Parametric analysis of the strength in the ''Toronto'' osseous-prosthesis system.

AIM: The aim of this work is to analyze how the different distributions of the chewing load could be related to dental prosthesis fractures of the Toronto restoration via the fulfilment of a virtual parametric model. Moreover investigation about implant positions and perspectives in comparison with a virtual medial plane was made to evaluate the incidence of screw and prosthesis breakage. METHODS: Finite element analysis of the lower jaw was performed to underline parameters and mechanical features of dental implants connected with the fractures of the prosthetic restoration.
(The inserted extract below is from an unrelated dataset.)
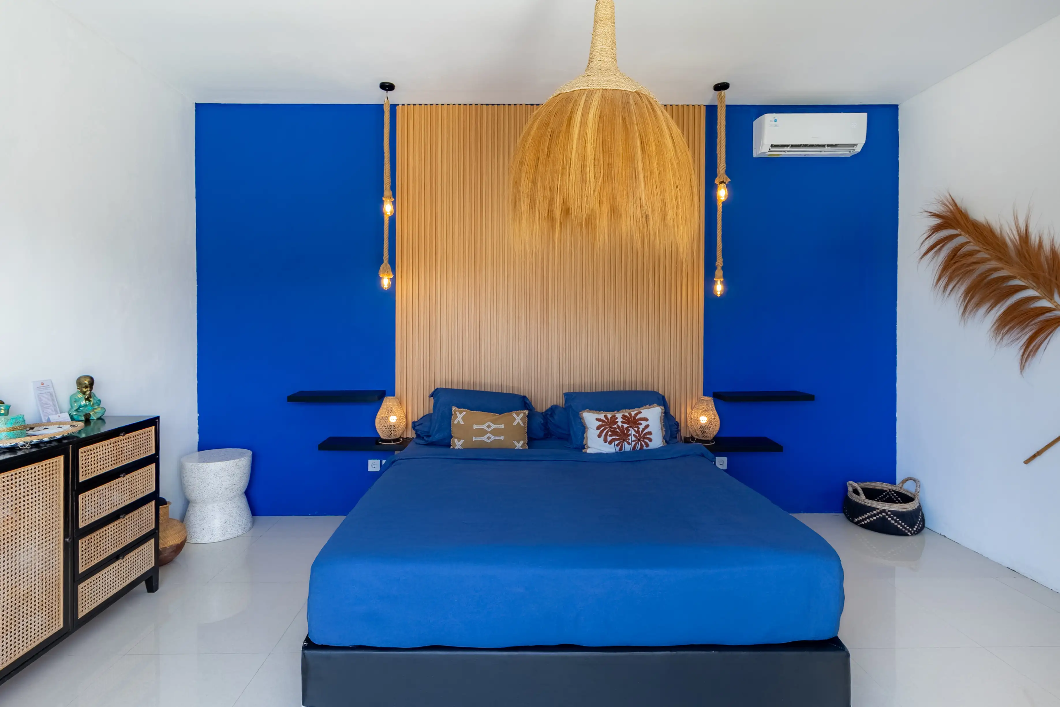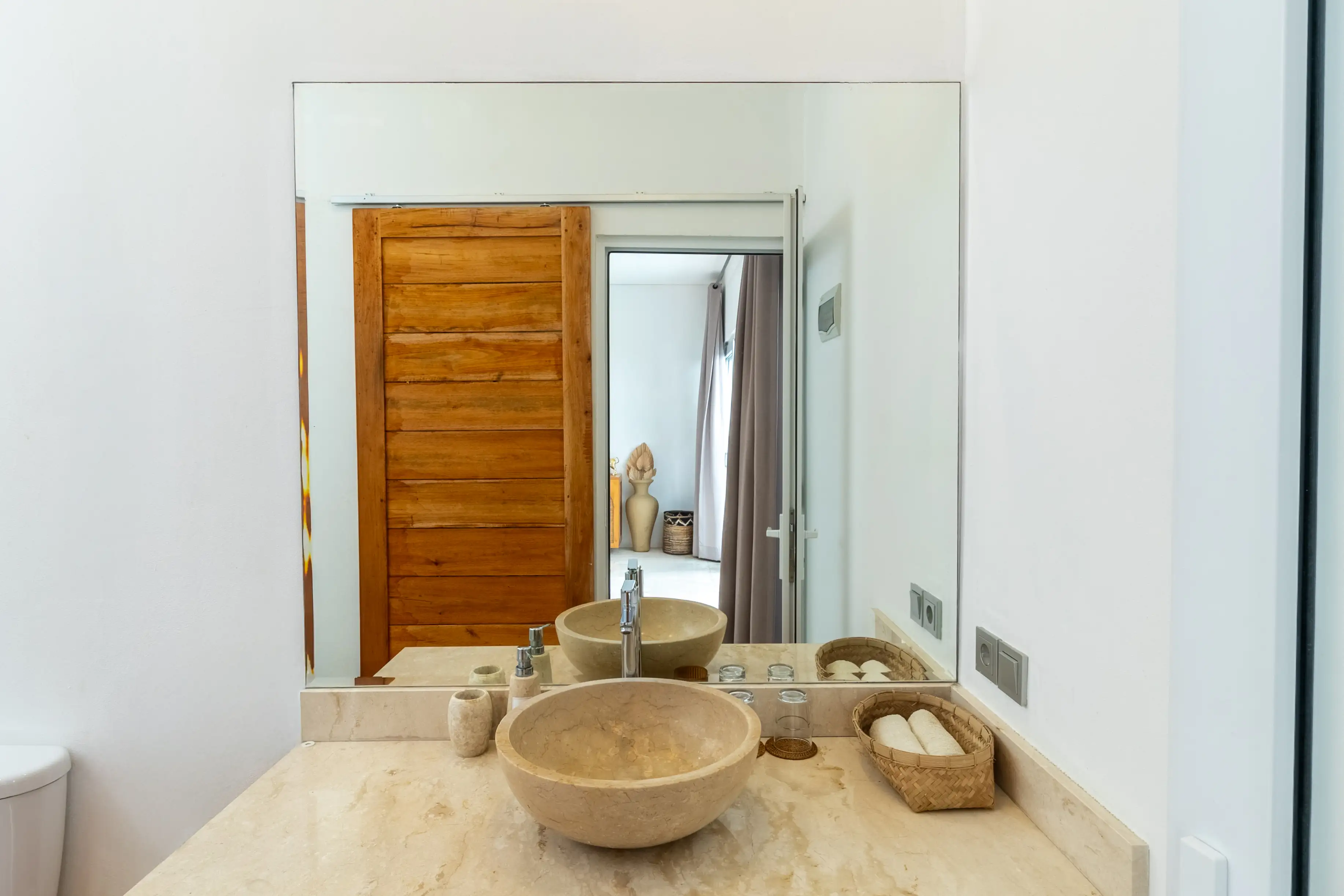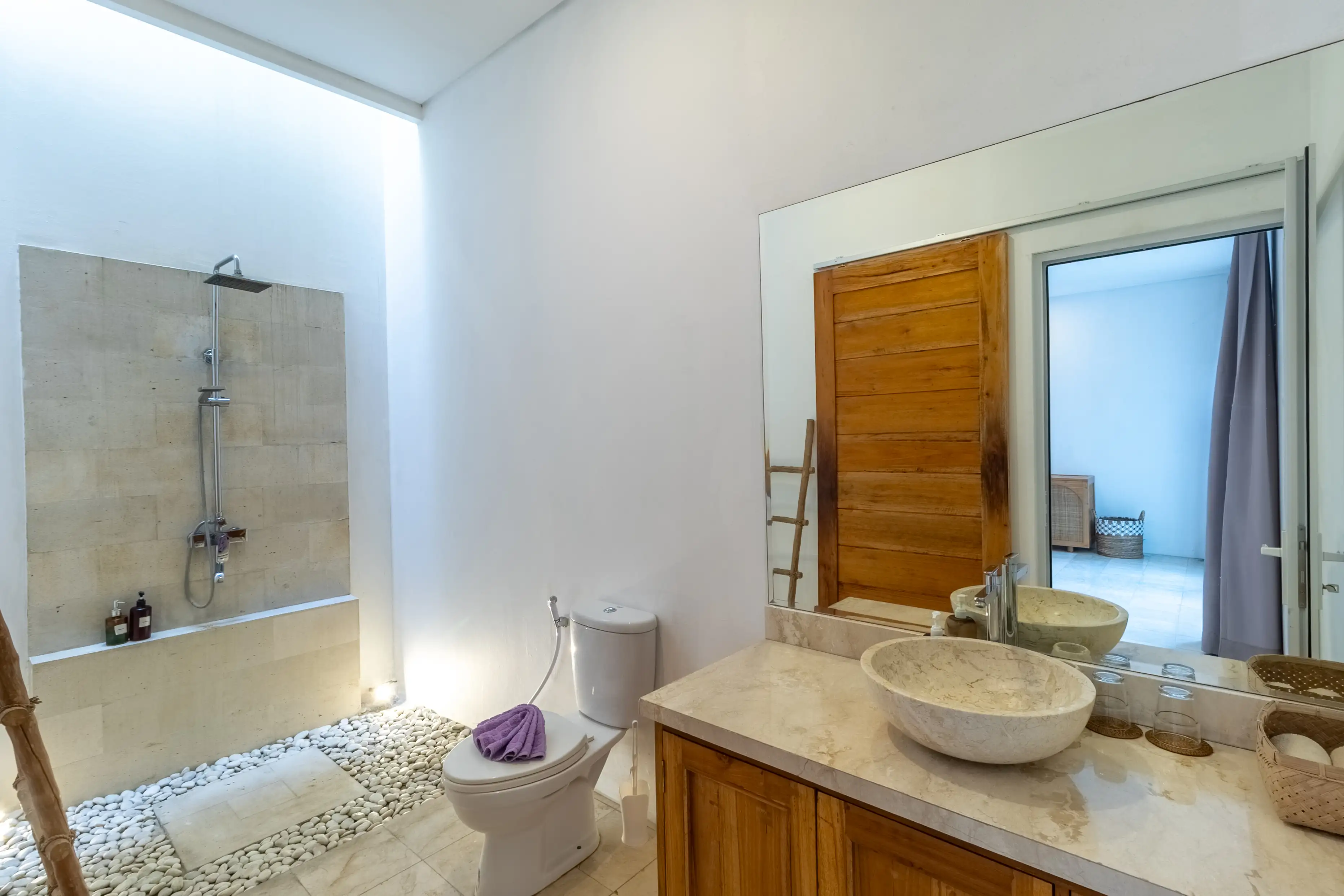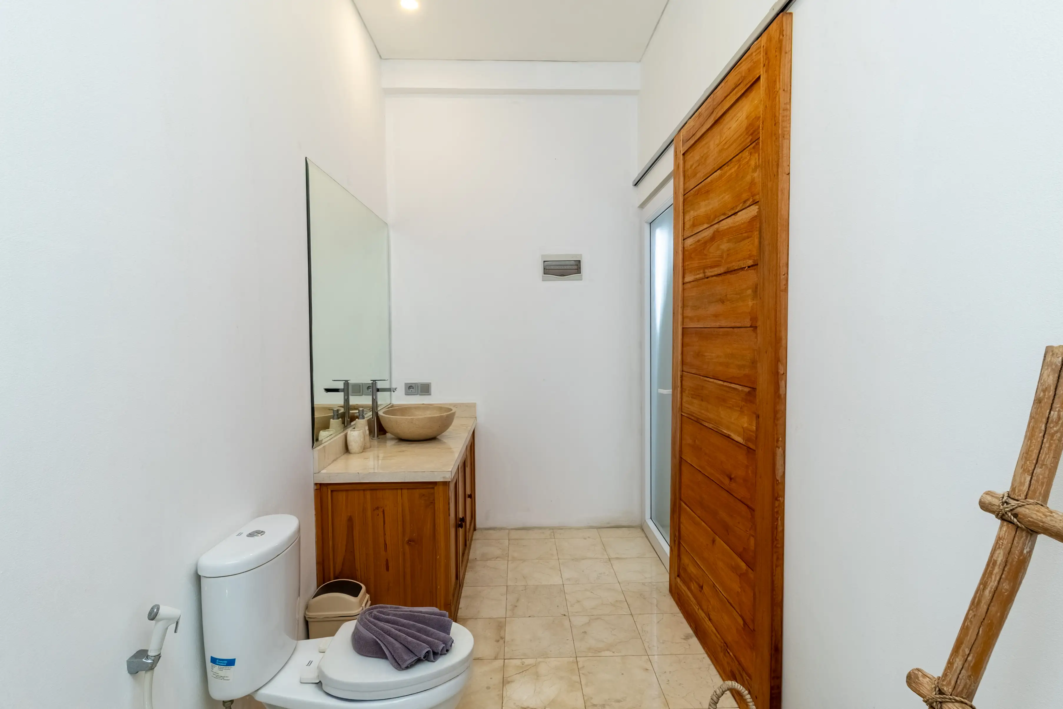 Featuring three spacious bedrooms and three modern bathrooms, the home provides ample space for families or groups. A large private balcony becomes the centerpiece—perfect for social gatherings or simply enjoying Bali’s famous sunsets. The villa’s tropical modern aesthetic is echoed throughout the enclosed living spaces, combining natural textures with clean lines for a refreshing ambiance.

Jaw virtual model and 3D fixtures (Global Sweden and Martina) were created by Cosmos-Solid Works. Matlab was used to recreate the distribution of an unspecific chewing phase analyzing the overall load on the fixtures of the lower jaw. RESULTS: Four virtual 3D models were performed with Matchad 14, for data analysis. The study investigated frontal and horizontal planes and vertical direction of the occlusal forces. Data results showed how position and perspective of fixtures strongly influenced the stress distribution upon the bone of the jaw; safeguard of prostheses elements like cantilever, passing screws, and dental implants are strictly related to a correct selection of the dental implant position. CONCLUSIONS: The 3D geometry of the jaw is an important condition for the choice of position, number, diameter and length of dental implants used for Toronto prostheses. This study would suggest a virtual ''method'' to help the surgeon choosing a correct model for a prosthetic rehabilitation evaluating position, perspective, and stress distribution of the chewing strengths.